Saturday January 11th

Tris POV

I try to sleep but I can't.

I'm still worried. I know the oncologist is pretty sure that one of us will be matching for the bone marrow transplant, but I can't help it.

I discovered that Matthew had it partly wrong in saying we had no other way than Adam for the transplant, because it is a matter of HLA (Human leukocyte antigen) typing , which is not the same as ABO blood typing. The doctor said we receive the markers 50% from each parent so it's likely that someone in the family matches but not always. I understood an adult donor must match at least 6 out of 8 HLA markers, but many transplant centers require at least a 7 of 8 match, which seems to be difficult to find. We agreed to have a test for all of us, even Theo, because Tobias insisted we should know what options are. I don't like it though. We should get the results in a few days. I hope that Tobias or I will be compatible.
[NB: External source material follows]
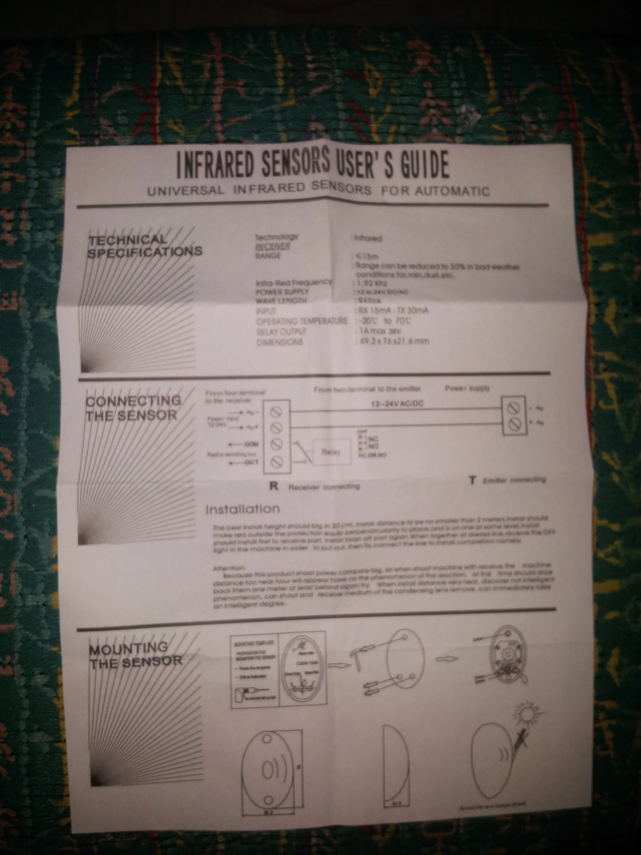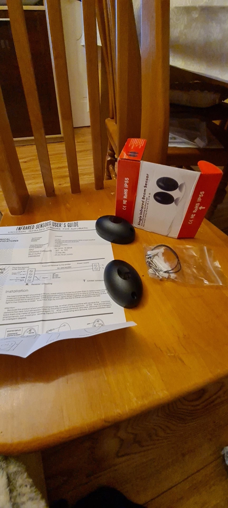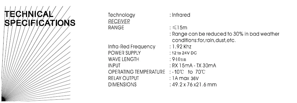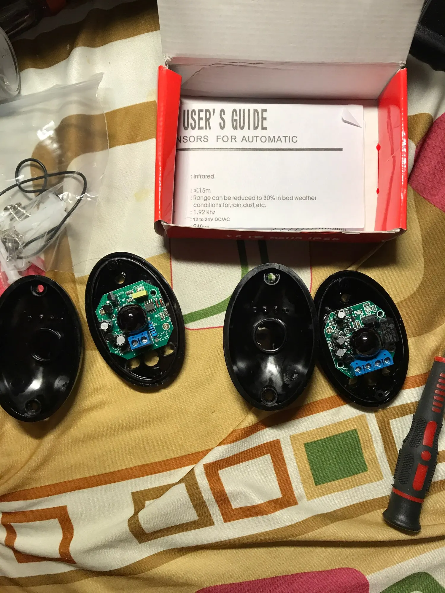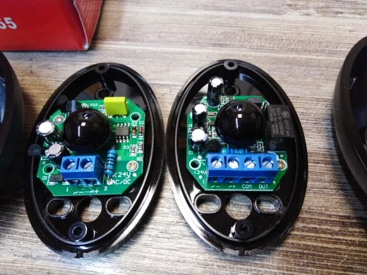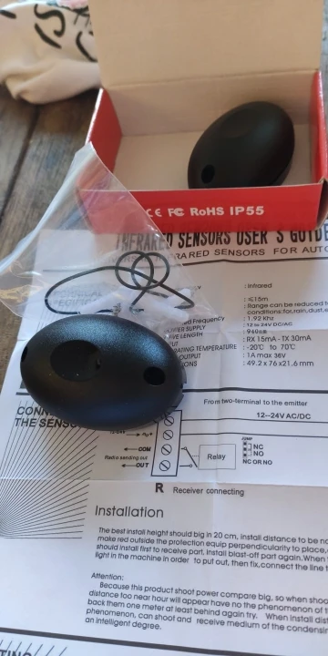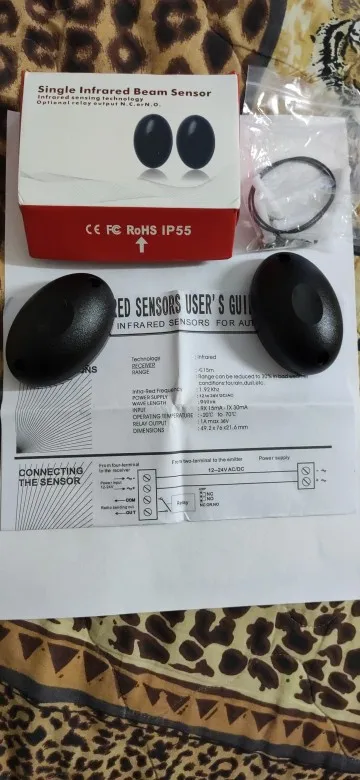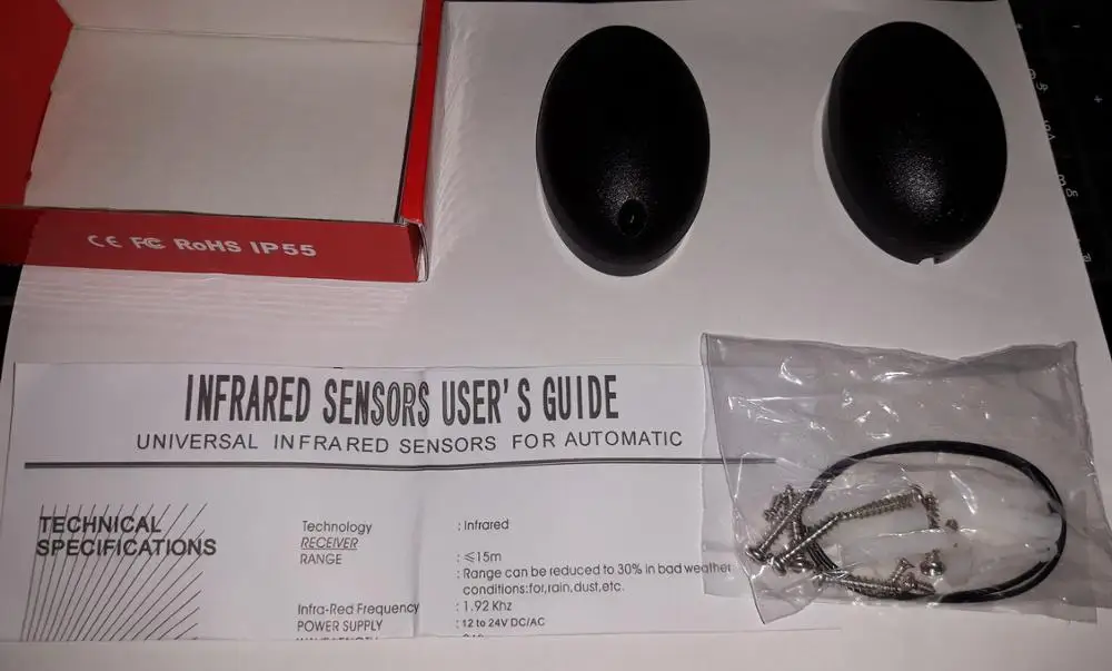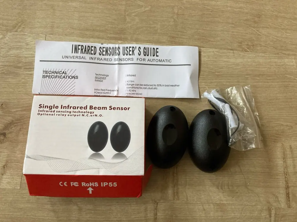 долго шло. датчики в коробочках. стандартные. для тех, кто ниразу не покупал: питание может быть и постоянное и переменное, 12-24 В, дальность до 15 м уверенно, выход нормально замкнутый и нормально разомкнутый. старайтесь ставить так, чтобы приемник не засвечивало солнце. срок службы, конечно, намного меньше, чем у came.

I know that they say the transplant is completely safe for the donor nowadays, and everything will be all right, but I know that an adult is likely to go through it better than a child. And it is also clear that there is a risk of failure. He explained that, sometimes, the transplanted cells recognize the recipient's cells as "foreign" and attack them. That can turn pretty bad for the transplanted one. I don't like it either. I know that doctors nearly always enhance the good side of things and minimize the risks. I remember… every day.

Anyway, I still stuck to my backup plan, just in case none of us is compatible. Adam didn't locate the file yet, but he can't look too much for it not to be spotted on the network.

I try to sleep but I can't.

I keep thinking about Natalie back at school. What if her state gets bad? Will she let me know? I know the doctor said he needed a few weeks to arrange for a treatment and so she could go back to the dance school, but I don't like it. I know she won't spare herself and I'm afraid she exhausts herself and weakens her body. I have read about Leukemia and treatments seem to be very aggressive.

I feel his kiss in my neck, but I try not to move, to let him think I'm asleep. He goes on kissing me and I feel his hand on my hip, looking for the end of my T-shirt.

I don't want to let him guess I feel nothing right now, so I grunt "let me sleep." Hoping he will let down.

I'm sure he knows I wasn't sleeping because it's the third time this happens since Christmas, which means we have not been intimate for weeks. He says "Tris, what's wrong with you? Are you angry with me?"

I groan "Nothing wrong. I'm tired that's all. And I'm not in the mood really." I shouldn't have said that but it's too late.

This time he sits up and turns the light on. "You're not leaving me again are you?"

I turn around to face him, so it gives myself away that I was not sleeping. "What do you mean?"

"Every time pain became too hard, you have gone away from me. You know I want to help you but every time I try, you despise me and go away. Please don't do it again. Stay with me this time and let's face it together."

It strikes me hard, how this sounds right. I'm trying to sort this out on my own again, without telling him about my plan. Am I so selfish now, that I can't trust him anymore? Or maybe I feel stronger on my own. I was not like that before.

"You think I can't understand don't you? Just because of this crap about being a mother and having your children in your own body that is so different from what men understand."

Things are going a very nasty way now. I respond "Not at all. I know you care. It's just that we have a different way to deal with things, and mine is to... sort of… get inside myself. I need to be on my own. I just need more time."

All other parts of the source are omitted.